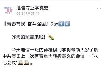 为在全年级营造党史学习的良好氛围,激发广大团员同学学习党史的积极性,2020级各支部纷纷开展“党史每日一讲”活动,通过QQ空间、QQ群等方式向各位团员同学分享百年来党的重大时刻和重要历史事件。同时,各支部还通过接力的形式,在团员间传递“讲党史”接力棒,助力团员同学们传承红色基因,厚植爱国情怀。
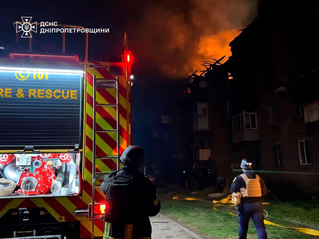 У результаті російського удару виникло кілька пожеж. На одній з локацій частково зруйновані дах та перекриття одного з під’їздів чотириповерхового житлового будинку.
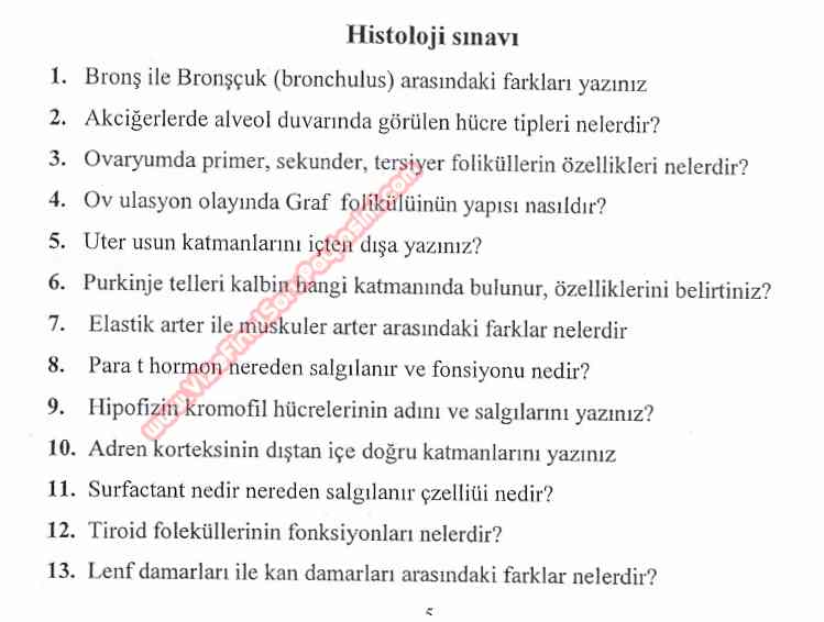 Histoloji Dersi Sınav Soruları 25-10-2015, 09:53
* * *
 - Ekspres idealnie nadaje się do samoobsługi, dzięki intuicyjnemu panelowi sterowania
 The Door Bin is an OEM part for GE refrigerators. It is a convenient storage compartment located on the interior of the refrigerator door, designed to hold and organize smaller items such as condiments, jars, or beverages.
--
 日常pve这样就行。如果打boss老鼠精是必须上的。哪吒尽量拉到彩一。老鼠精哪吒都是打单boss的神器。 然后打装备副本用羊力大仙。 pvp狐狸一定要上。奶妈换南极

> **EXERCISE AIM**: Every line above between the one containing "为在全年级营造党史学习的良好" and the one containing "Histoloji Dersi Sınav", those two included, is to be printed exactly. No pictures go into the copy.

> **RESPONSE AREA**:
 为在全年级营造党史学习的良好氛围,激发广大团员同学学习党史的积极性,2020级各支部纷纷开展“党史每日一讲”活动,通过QQ空间、QQ群等方式向各位团员同学分享百年来党的重大时刻和重要历史事件。同时,各支部还通过接力的形式,在团员间传递“讲党史”接力棒,助力团员同学们传承红色基因,厚植爱国情怀。
 У результаті російського удару виникло кілька пожеж. На одній з локацій частково зруйновані дах та перекриття одного з під’їздів чотириповерхового житлового будинку.
 Histoloji Dersi Sınav Soruları 25-10-2015, 09:53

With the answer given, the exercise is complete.